Wie schwierig ist es, die Top Shots zu gewinnen?

Es ist eine langfristige Kontaktarbeit, mit einer Kalt-Akquise schafft man es nur mit viel Glück. Zudem nutzen wir das bestehende Netzwerk. Wir haben dafür intern den Begriff «Cornering»: Man kennt jemanden, der wiederum die betreffende Person gut kennt und der die Person noch vor unserem ersten Schreiben auf das St.Gallen Symposium hinweist: «Schau dir das mal an, it’s worth it for you.» Solche Dinge sind das A und O beim Networking.

Natürlich spielt das Renommee des St.Gallen Symposiums eine Rolle sowie das restliche line up und die fear of missing out: Eine Ministerin wird eher nach St.Gallen kommen, wenn von einem anderen Staat auch ein Minister teilnimmt, der für sie von Interesse ist.

Wolfgang Schürer sagt: «Wenn Sie ins ISC eintreten, treten Sie ins Kloster ein.» Würden Sie diesem Satz zustimmen?

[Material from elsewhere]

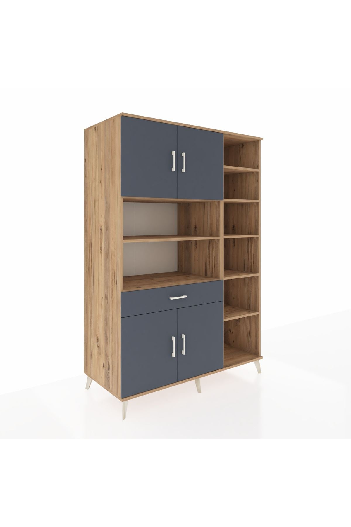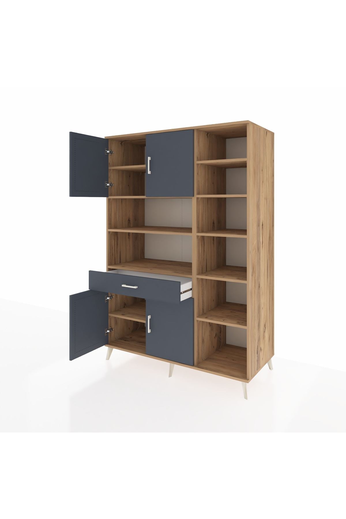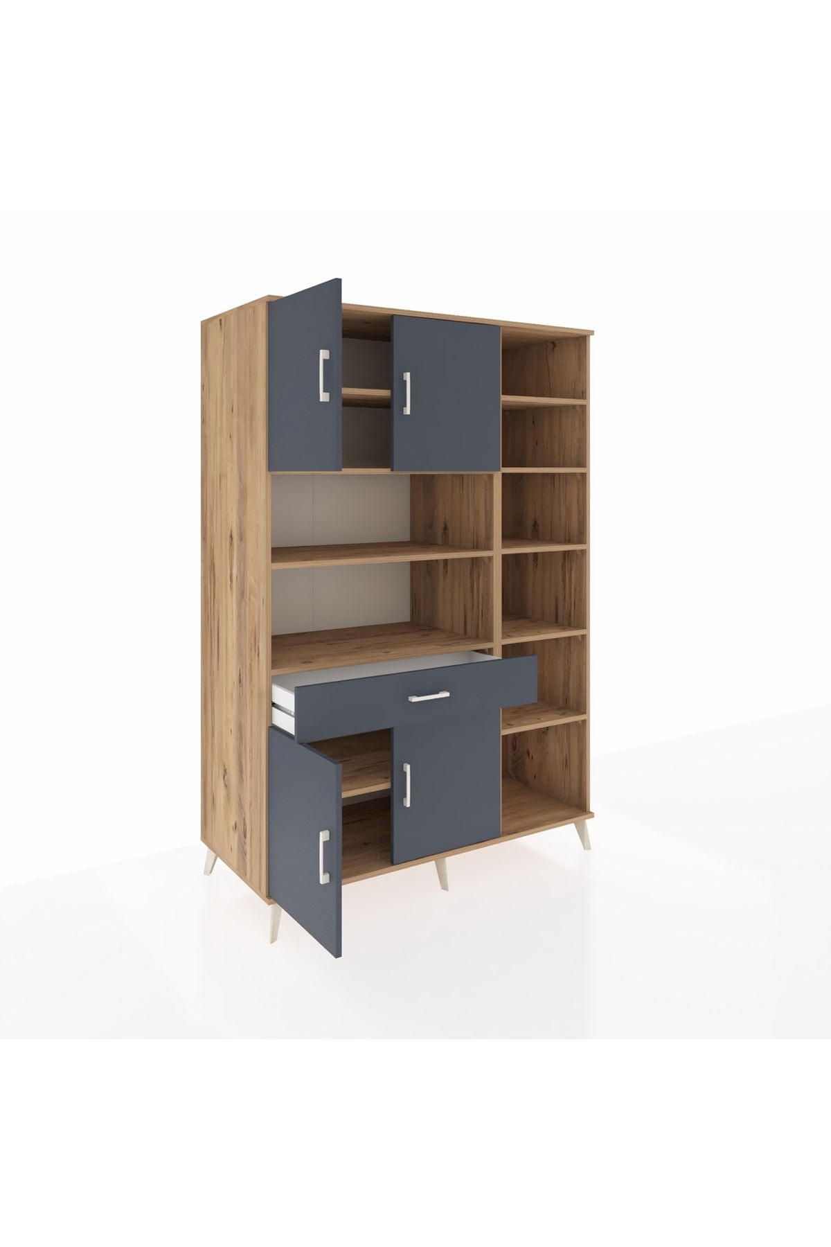 Kronos Gardrop 10 Raflı Tek Çekmeceli 4 Kapaklı 132x59x195 Çam-Antrasit

Dem ISC wird gern nachgesagt, es sei eine Sekte, das geht auch anderen grossen studentischen Initiativen so. Ich erlebe das ISC ganz stark als intergenerationelle Gemeinschaft. In meinen drei Jahren beim ISC habe ich allein in den studentischen Teams fast hundert Kommilitonen und Kommilitoninnen kennengelernt. Dazu kommen die Alumni, die sich über jeden Kontakt freuen und jede Gelegenheit nutzen, um die Aktiven zu unterstützen, egal ob mit dem eigenen Netzwerk oder vor Ort während des Auf- und Abbaus des Symposiums.

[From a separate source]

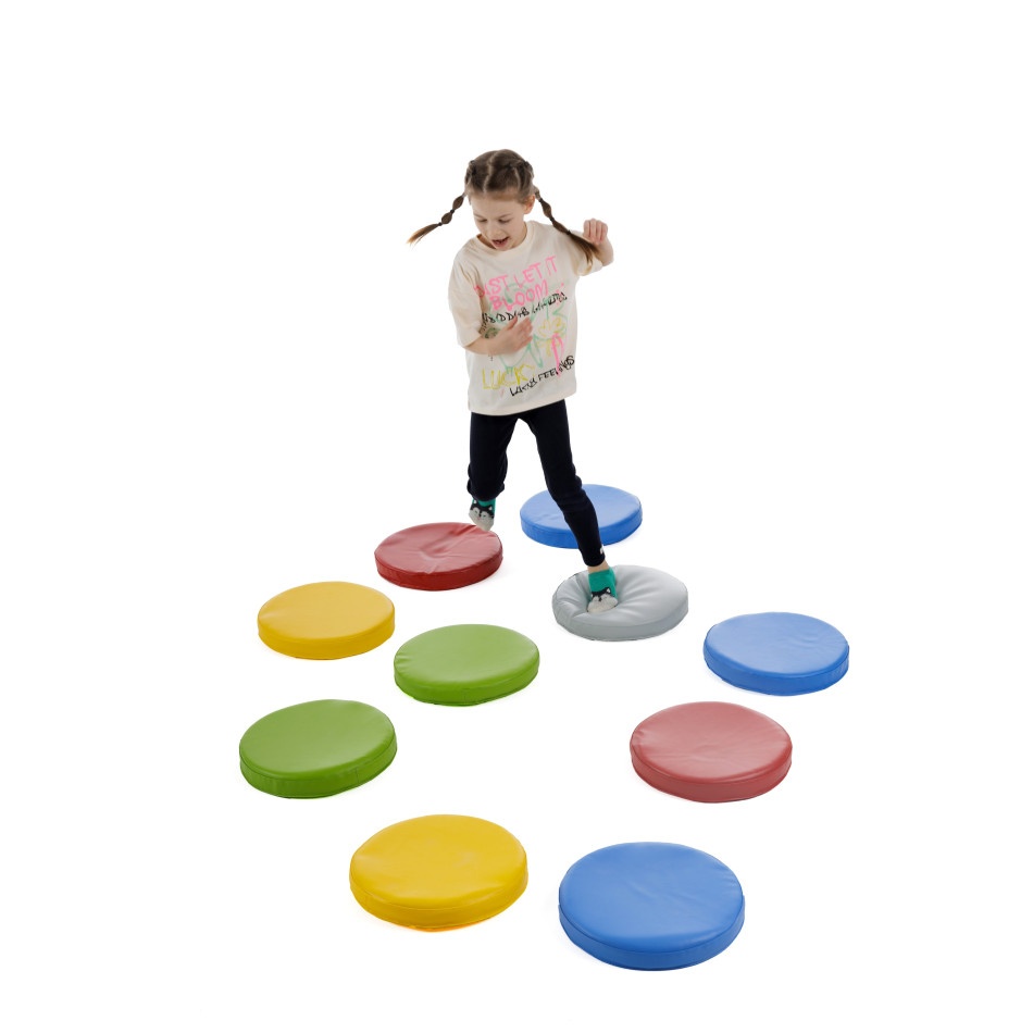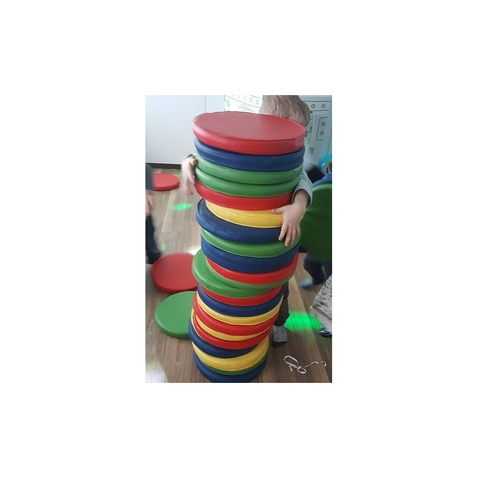 Poduszki wykonane z trwałej sztucznej skóry, łatwej do utrzymania w czystości, wypełnione gąbką. 8 poduszek w 4 kolorach (2 x czerwona, 2 x niebieska, 2 x zielona, 2 x żółta) Możemy wykonać dowolną ilość w wybranym przez klienta kolorze.

Und so sehe ich auch diesen Klostergedanken: Zwei, drei backen das Brot, drei, vier kümmern sich um den Garten, ein paar brauen das Bier, andere kümmern sich ums Handwerk – und das alles unabhängig davon, wer schon wie lange dabei ist. Am Ende des Tags fliesst alles in die Struktur dieser Gemeinschaft.

Welche Rolle spielt das ISC für Ihr Studium?

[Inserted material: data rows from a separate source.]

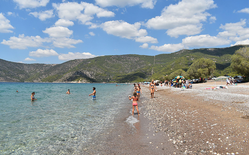 Με μήκος που φτάνει τα 2,5 χιλιόμετρα, καθαρά νερά και εντυπωσιακά ηλιοβασιλέματα, η παραλία της Ψάθας αποτελεί αγαπημένο προορισμό για κολύμπι, βόλτα και χαλάρωση. Η εικόνα της θάλασσας να “αγκαλιάζει” το βουνό δημιουργεί ένα τοπίο που μένει αξέχαστο.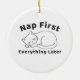 Cute Sleepy Cat “Nap First” Line Art Design Ceramic Ornament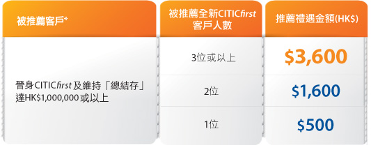 立即行動!被推薦親友成為CITICfirst客戶亦可尊享高達HK$13,700獎賞! 有關CITICfirst客戶推廣詳情,請按此。

Für mich hat es eine massive Rolle gespielt. Ich habe mein Studium fast drei Jahre für das ISC unterbrochen, und das war genau die Ergänzung, die rückblickend für mein Studium unerlässlich war. Für ein breit gefächertes Studium ist die Idee des studentischen Engagements zentral, egal ob es nun das ISC, START, oikos oder die Studentenschaft ist.

Für mein Studium nehme ich nicht nur die persönlichen Kontakte und Erfahrungen mit, sondern auch die Verbindung von Theorie und Praxis. Wenn ich nach zwei Jahren studentischer Leitung nun einen Kurs zum Thema Leadership belege, sehe ich ganz schnell, welche theoretischen Konzepte sich direkt in der Praxis adaptieren lassen und welche eher in der Theorie beheimatet sind. Wenn ich irgendein Praktikum bei einem Unternehmen gemacht hätte, hätte ich diese Verbindung von Theorie und Praxis nie so mitbekommen wie beim ISC, von dem Gefühl, Verantwortung getragen zu haben, ganz zu schweigen.